## Instructions to follow
The answer is to be the lines below that lie between the line holding "The 'Zahira' blouse" and the line holding "Plaster wall lamp", inclusive, transcribed exactly and free of pictures.

## Available records
++++++++++++++++++++

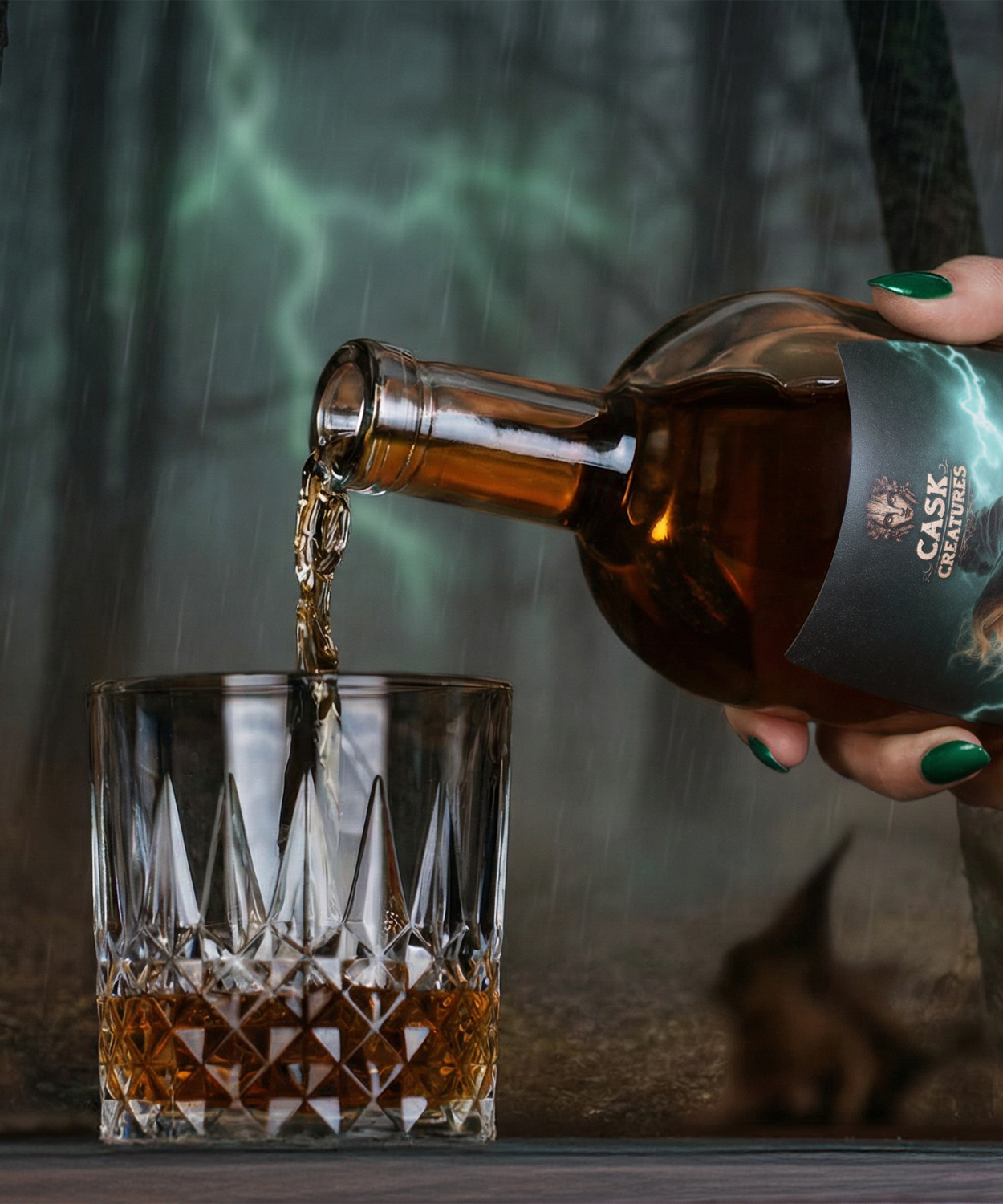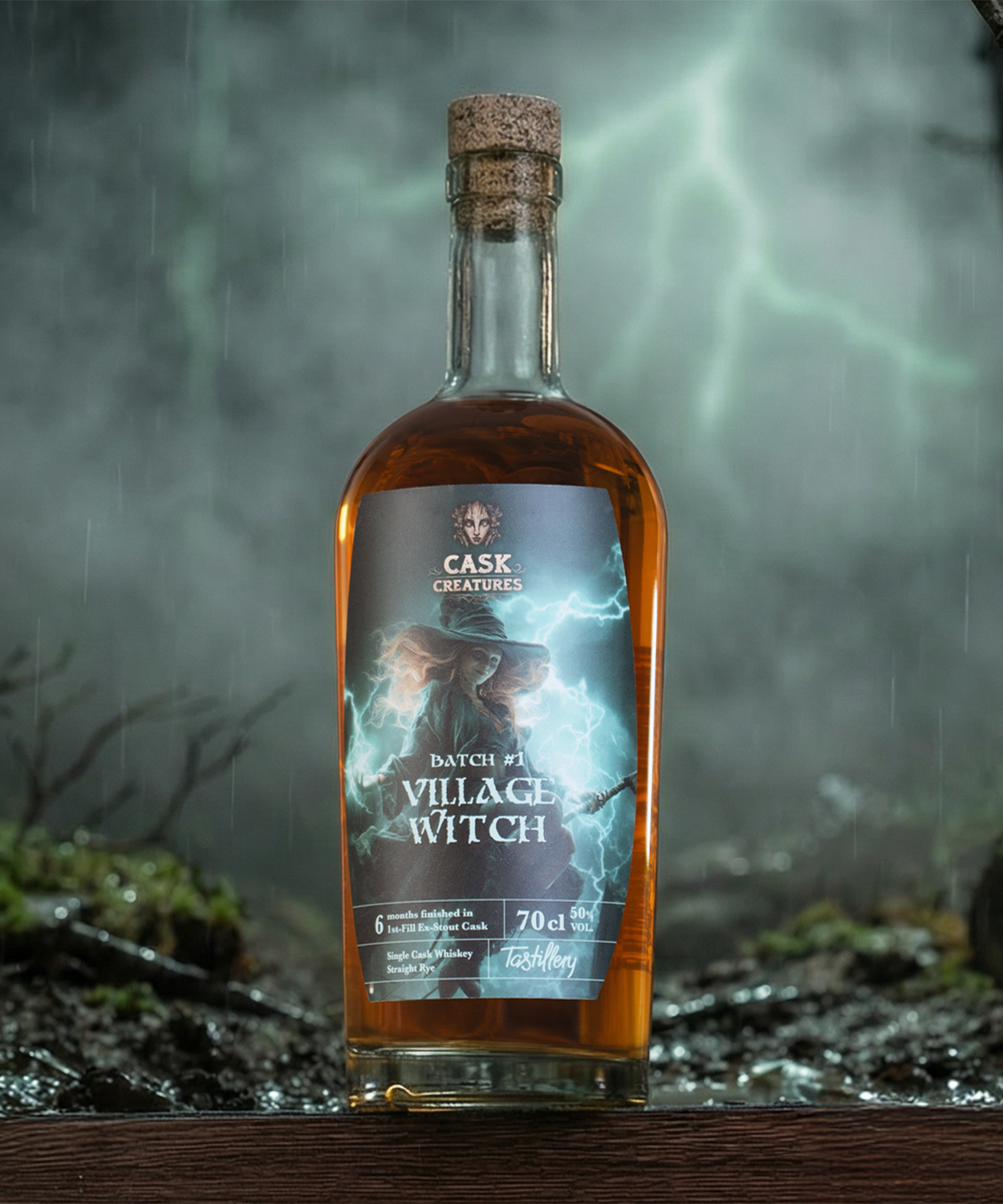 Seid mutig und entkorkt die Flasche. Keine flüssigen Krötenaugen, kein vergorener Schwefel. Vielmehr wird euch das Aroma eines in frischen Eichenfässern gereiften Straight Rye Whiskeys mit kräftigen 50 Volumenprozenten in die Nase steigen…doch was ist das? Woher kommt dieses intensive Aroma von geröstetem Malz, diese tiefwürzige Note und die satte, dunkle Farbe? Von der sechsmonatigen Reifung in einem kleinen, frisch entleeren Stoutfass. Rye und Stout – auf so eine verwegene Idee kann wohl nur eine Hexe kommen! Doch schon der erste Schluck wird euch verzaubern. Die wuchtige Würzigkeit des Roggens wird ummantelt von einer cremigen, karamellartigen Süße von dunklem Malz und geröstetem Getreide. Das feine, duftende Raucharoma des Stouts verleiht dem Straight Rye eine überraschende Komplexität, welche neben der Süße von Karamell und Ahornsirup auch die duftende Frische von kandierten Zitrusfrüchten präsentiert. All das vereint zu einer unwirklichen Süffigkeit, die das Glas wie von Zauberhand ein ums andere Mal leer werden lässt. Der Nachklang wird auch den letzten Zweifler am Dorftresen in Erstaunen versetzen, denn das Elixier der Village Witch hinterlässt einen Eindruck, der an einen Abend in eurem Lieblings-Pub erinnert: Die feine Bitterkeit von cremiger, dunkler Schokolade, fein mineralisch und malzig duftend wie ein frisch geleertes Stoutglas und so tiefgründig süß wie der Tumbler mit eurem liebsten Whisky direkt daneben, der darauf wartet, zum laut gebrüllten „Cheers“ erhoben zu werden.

++++++++++++++++++++

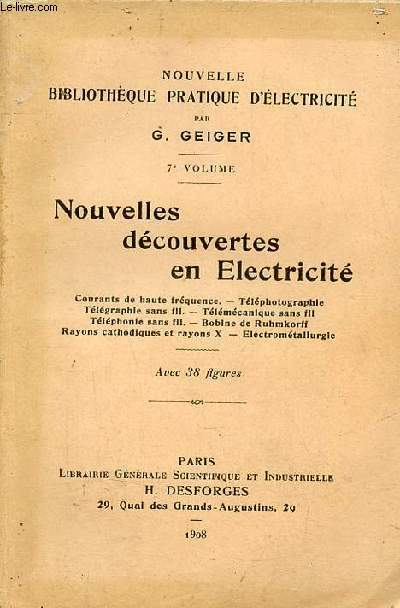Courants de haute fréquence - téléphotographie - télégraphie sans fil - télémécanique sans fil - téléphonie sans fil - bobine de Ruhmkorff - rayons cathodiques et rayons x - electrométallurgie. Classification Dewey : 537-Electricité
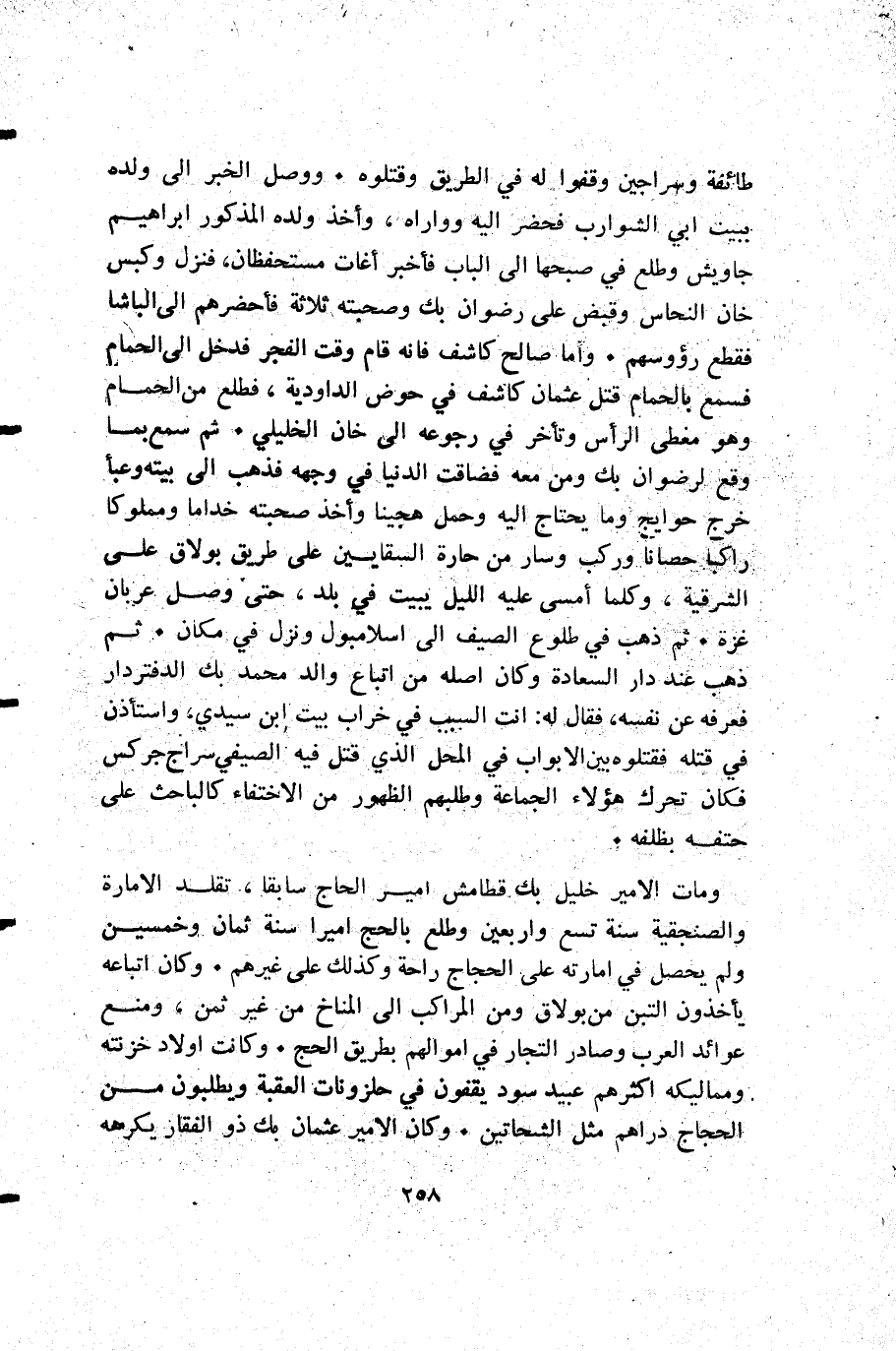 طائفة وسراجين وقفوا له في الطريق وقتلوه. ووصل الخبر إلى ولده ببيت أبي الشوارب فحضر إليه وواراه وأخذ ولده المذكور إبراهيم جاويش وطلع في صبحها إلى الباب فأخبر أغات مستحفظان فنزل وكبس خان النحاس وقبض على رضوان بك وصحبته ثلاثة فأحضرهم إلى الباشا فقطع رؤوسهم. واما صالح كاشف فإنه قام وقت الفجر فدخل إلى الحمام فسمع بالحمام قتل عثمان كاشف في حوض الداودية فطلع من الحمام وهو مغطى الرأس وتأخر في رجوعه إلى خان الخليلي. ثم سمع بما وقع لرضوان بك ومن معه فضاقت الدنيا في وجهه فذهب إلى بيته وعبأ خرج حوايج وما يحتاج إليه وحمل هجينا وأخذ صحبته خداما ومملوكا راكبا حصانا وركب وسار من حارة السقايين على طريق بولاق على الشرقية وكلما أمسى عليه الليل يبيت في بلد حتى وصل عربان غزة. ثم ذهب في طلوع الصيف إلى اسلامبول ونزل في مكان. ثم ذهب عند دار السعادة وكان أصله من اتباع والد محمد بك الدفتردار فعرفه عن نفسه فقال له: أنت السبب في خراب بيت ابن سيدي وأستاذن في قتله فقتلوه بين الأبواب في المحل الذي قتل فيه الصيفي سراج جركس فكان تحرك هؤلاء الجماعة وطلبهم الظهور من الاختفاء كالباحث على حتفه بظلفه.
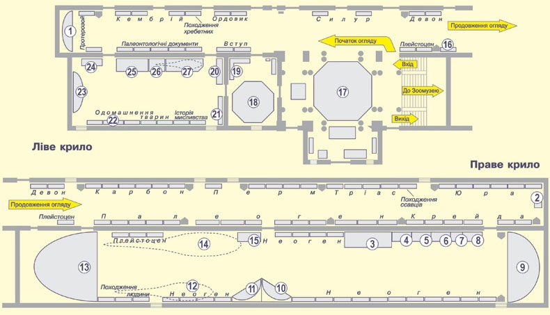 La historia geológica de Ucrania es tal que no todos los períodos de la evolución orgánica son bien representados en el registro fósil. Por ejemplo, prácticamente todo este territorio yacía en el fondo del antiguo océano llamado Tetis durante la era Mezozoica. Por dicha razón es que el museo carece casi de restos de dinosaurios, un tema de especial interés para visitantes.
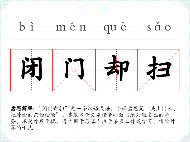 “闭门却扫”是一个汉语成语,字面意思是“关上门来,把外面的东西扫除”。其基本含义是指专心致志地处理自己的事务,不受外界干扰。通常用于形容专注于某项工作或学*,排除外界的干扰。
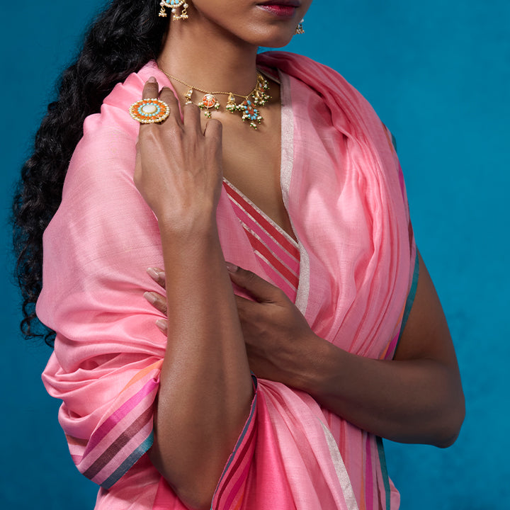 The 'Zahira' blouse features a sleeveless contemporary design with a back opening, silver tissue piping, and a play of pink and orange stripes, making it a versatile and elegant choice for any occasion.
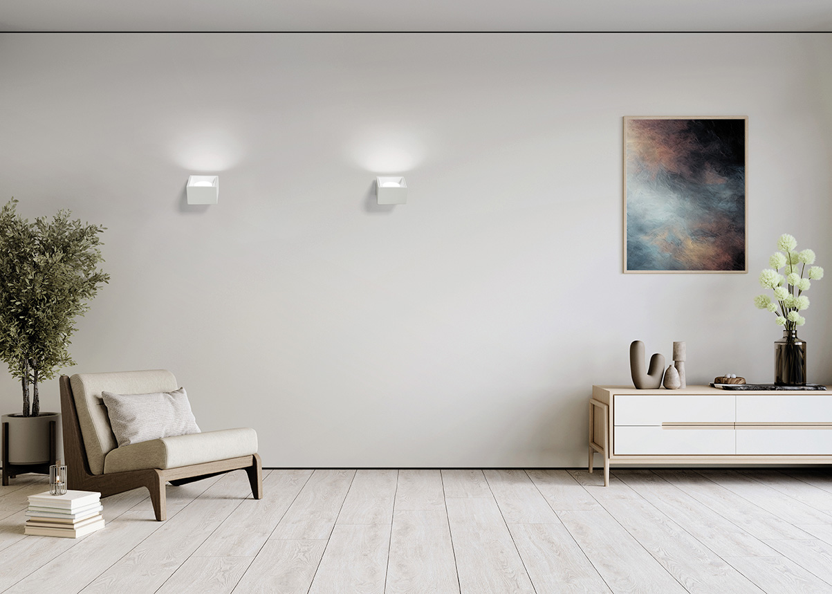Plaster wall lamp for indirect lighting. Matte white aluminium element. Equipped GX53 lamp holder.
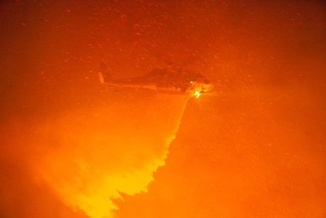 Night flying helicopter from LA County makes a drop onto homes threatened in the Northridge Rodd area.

++++++++++++++++++++

## Task output
 The 'Zahira' blouse features a sleeveless contemporary design with a back opening, silver tissue piping, and a play of pink and orange stripes, making it a versatile and elegant choice for any occasion.
Plaster wall lamp for indirect lighting. Matte white aluminium element. Equipped GX53 lamp holder.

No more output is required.